Segment Start: MATERIAL FOR THE TASK
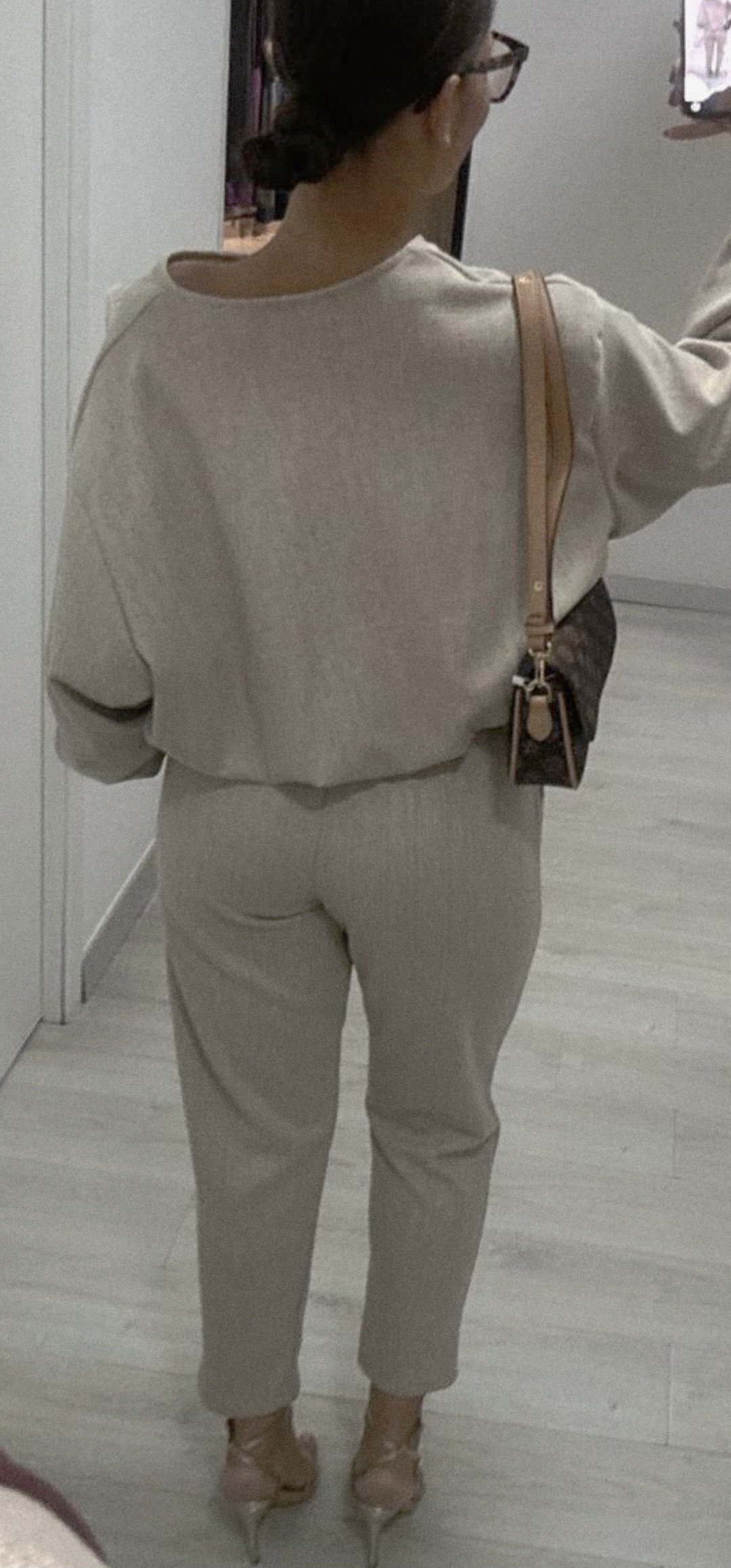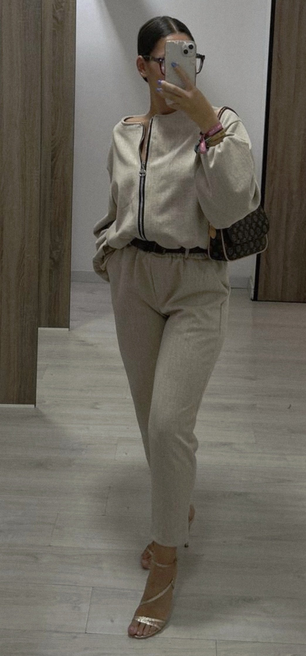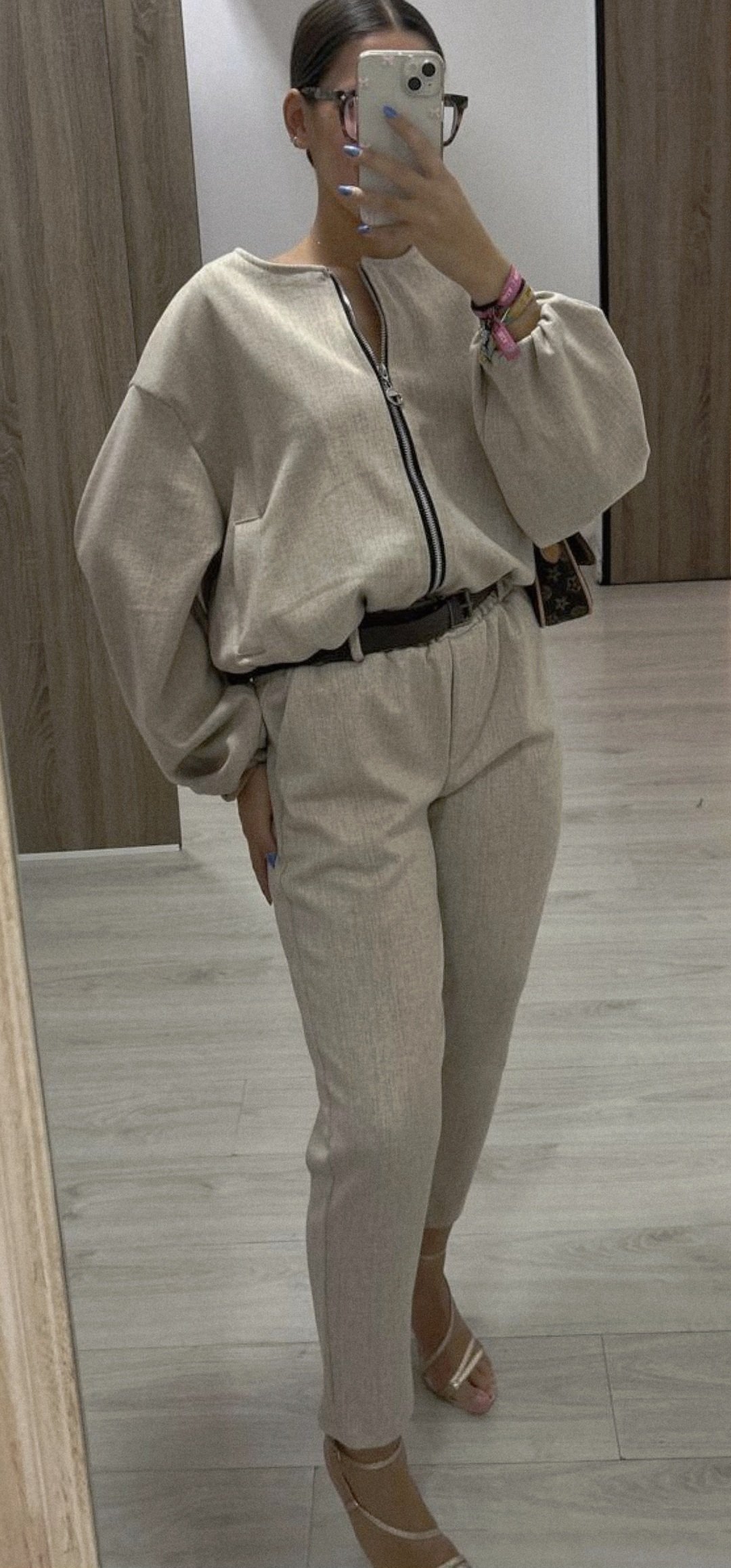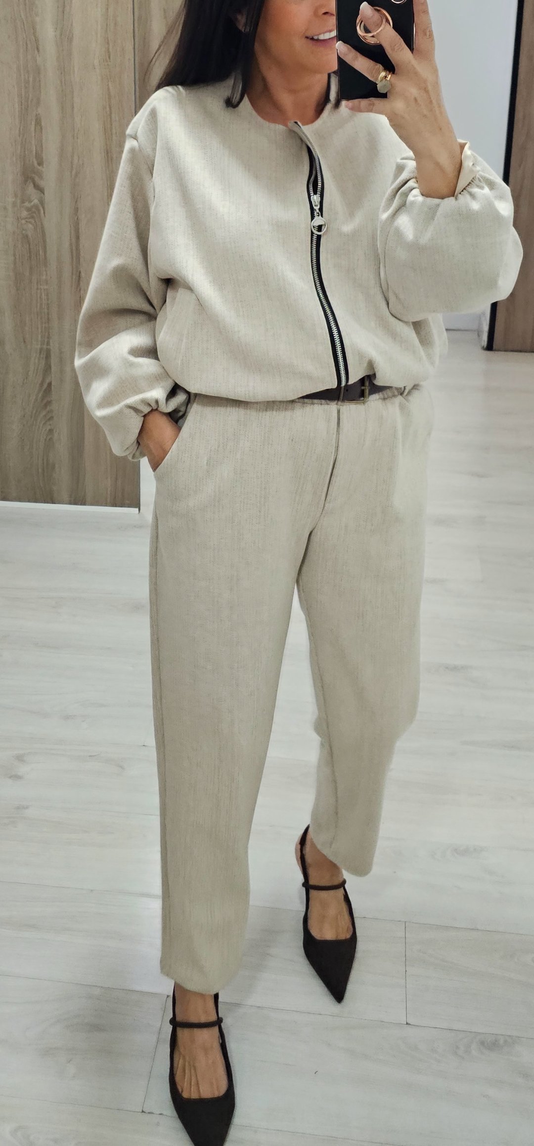 Monisimo conjunto de 2 piezas en tejido de paño suave con un corte elegante y sport a la vez el pantalón lleva cintura elástica y trae cinturón, la chaqueta es tipo bomber va forrada y cierre de cremallera color beige
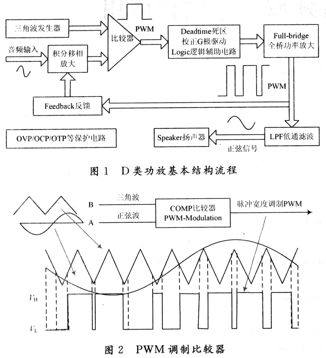 D類放大器由積分移相、PWM調制模塊、G柵級驅動、開關MOSFET電路、Logic輔助、輸出濾波、負反饋、保護電路等部分組成。流程上首先將模擬輸入信號調制成PWM方波信號,經過調制的PWM信號通過驅動電路驅動功率輸出級,然后通過低通濾波濾除高頻載波信號,原始信號被恢復,驅動揚聲器發聲,如圖1所示。
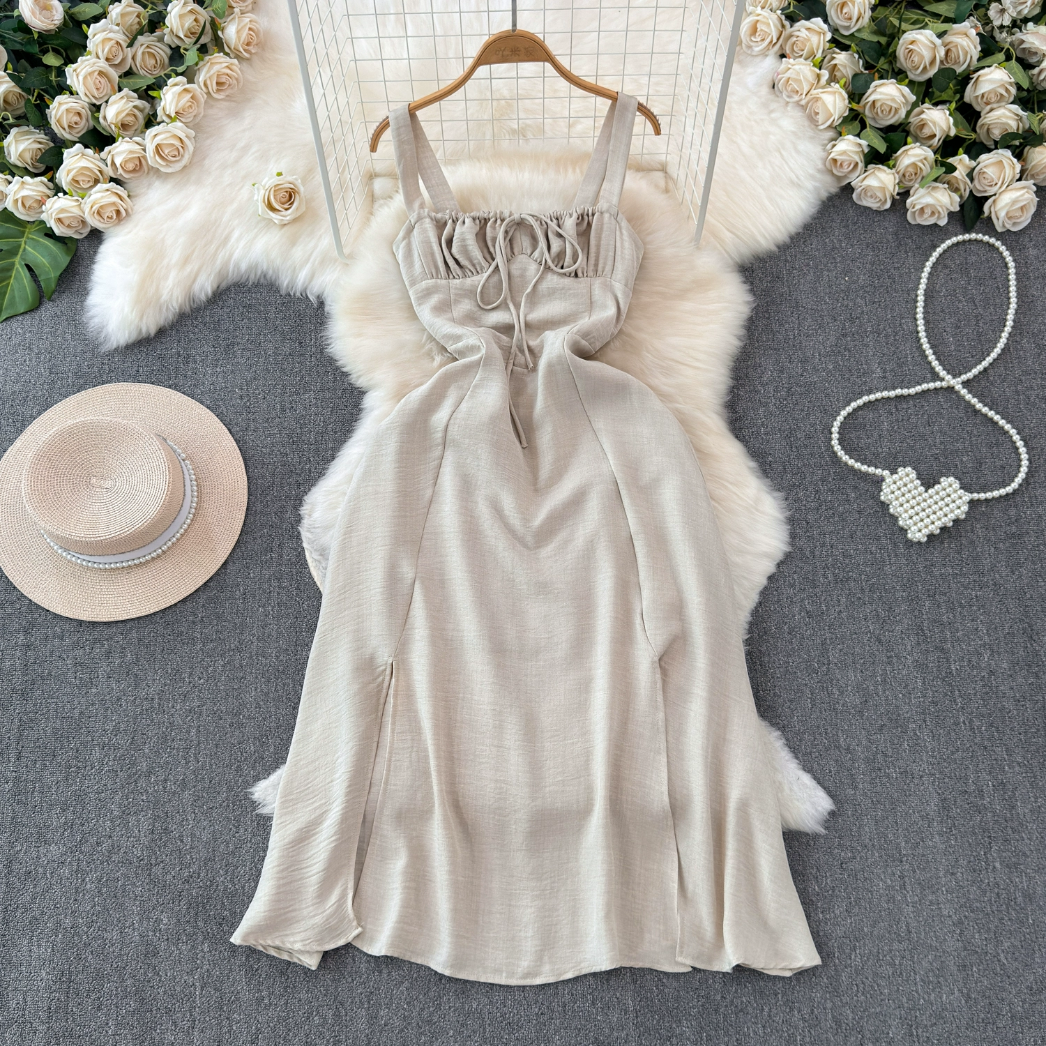 | nameOriginal | Summer French high-end travel photo long dress for seaside vacation backless waist slimming A-line suspender dress |
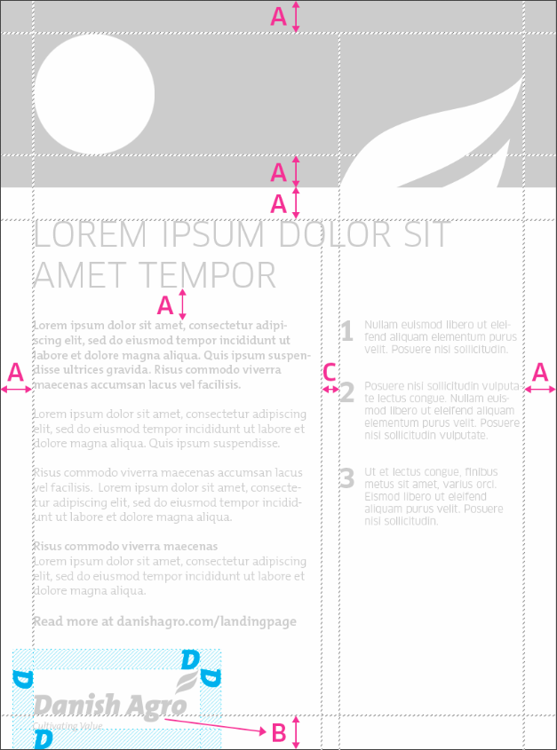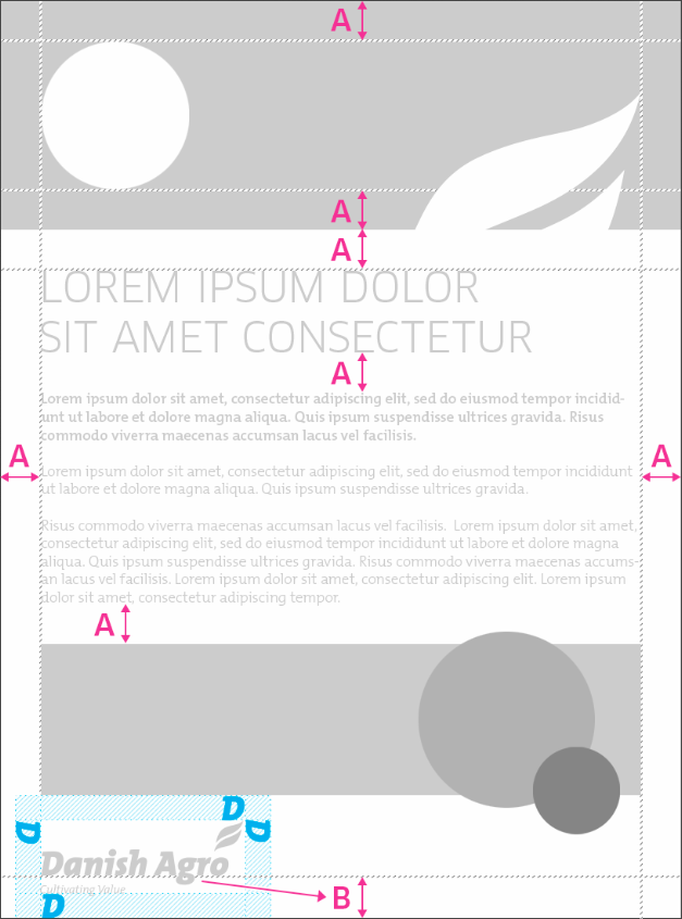 One of the cornerstones of the group's advertising is our trademark - the two leaves that represent growth, development and progress and provide a visual link to our industry. Therefore, the grid on which the ads are build is based on the size of our trademark and the respect distance that must be around it.
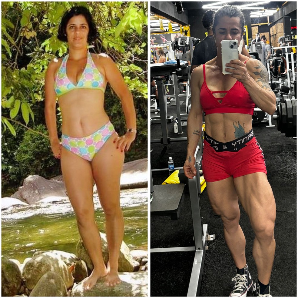 Antes e depois da rotina de exercícios físicos que mudou a vida fisiculturista Débora Pereira — Foto: Acervo pessoal
Segment End: MATERIAL FOR THE TASK
ACTIVITY
None of the pictures belong in the copy; transcribe the rest of the data exactly.

OUTPUT FOR THIS TASK
 Monisimo conjunto de 2 piezas en tejido de paño suave con un corte elegante y sport a la vez el pantalón lleva cintura elástica y trae cinturón, la chaqueta es tipo bomber va forrada y cierre de cremallera color beige
 D類放大器由積分移相、PWM調制模塊、G柵級驅動、開關MOSFET電路、Logic輔助、輸出濾波、負反饋、保護電路等部分組成。流程上首先將模擬輸入信號調制成PWM方波信號,經過調制的PWM信號通過驅動電路驅動功率輸出級,然后通過低通濾波濾除高頻載波信號,原始信號被恢復,驅動揚聲器發聲,如圖1所示。
 | nameOriginal | Summer French high-end travel photo long dress for seaside vacation backless waist slimming A-line suspender dress |
 One of the cornerstones of the group's advertising is our trademark - the two leaves that represent growth, development and progress and provide a visual link to our industry. Therefore, the grid on which the ads are build is based on the size of our trademark and the respect distance that must be around it.
 Antes e depois da rotina de exercícios físicos que mudou a vida fisiculturista Débora Pereira — Foto: Acervo pessoal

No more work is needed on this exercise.